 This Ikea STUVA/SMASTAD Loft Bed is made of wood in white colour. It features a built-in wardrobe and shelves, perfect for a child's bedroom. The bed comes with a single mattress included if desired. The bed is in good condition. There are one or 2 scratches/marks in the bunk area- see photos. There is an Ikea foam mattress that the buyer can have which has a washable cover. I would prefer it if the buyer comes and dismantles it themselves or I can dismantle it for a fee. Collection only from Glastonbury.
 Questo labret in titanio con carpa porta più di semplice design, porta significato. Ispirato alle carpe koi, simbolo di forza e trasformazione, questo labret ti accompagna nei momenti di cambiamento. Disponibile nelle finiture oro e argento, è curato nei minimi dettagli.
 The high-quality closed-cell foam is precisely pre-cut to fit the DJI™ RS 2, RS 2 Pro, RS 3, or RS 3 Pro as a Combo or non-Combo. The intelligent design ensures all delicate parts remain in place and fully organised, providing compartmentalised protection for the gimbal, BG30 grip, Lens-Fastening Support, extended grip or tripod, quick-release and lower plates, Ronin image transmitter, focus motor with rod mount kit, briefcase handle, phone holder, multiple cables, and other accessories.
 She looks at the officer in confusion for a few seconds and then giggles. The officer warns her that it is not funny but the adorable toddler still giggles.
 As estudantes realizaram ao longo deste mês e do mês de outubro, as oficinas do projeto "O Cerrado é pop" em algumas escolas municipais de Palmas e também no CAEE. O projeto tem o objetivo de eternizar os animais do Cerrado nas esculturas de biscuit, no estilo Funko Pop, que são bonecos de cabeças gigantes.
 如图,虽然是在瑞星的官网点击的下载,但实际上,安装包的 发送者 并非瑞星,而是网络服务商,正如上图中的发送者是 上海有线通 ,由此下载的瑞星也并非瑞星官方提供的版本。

Goal of the exercise: Write out all of the entries above, exactly and in full.

Your response:
 This Ikea STUVA/SMASTAD Loft Bed is made of wood in white colour. It features a built-in wardrobe and shelves, perfect for a child's bedroom. The bed comes with a single mattress included if desired. The bed is in good condition. There are one or 2 scratches/marks in the bunk area- see photos. There is an Ikea foam mattress that the buyer can have which has a washable cover. I would prefer it if the buyer comes and dismantles it themselves or I can dismantle it for a fee. Collection only from Glastonbury.
 Questo labret in titanio con carpa porta più di semplice design, porta significato. Ispirato alle carpe koi, simbolo di forza e trasformazione, questo labret ti accompagna nei momenti di cambiamento. Disponibile nelle finiture oro e argento, è curato nei minimi dettagli.
 The high-quality closed-cell foam is precisely pre-cut to fit the DJI™ RS 2, RS 2 Pro, RS 3, or RS 3 Pro as a Combo or non-Combo. The intelligent design ensures all delicate parts remain in place and fully organised, providing compartmentalised protection for the gimbal, BG30 grip, Lens-Fastening Support, extended grip or tripod, quick-release and lower plates, Ronin image transmitter, focus motor with rod mount kit, briefcase handle, phone holder, multiple cables, and other accessories.
 She looks at the officer in confusion for a few seconds and then giggles. The officer warns her that it is not funny but the adorable toddler still giggles.
 As estudantes realizaram ao longo deste mês e do mês de outubro, as oficinas do projeto "O Cerrado é pop" em algumas escolas municipais de Palmas e também no CAEE. O projeto tem o objetivo de eternizar os animais do Cerrado nas esculturas de biscuit, no estilo Funko Pop, que são bonecos de cabeças gigantes.
 如图,虽然是在瑞星的官网点击的下载,但实际上,安装包的 发送者 并非瑞星,而是网络服务商,正如上图中的发送者是 上海有线通 ,由此下载的瑞星也并非瑞星官方提供的版本。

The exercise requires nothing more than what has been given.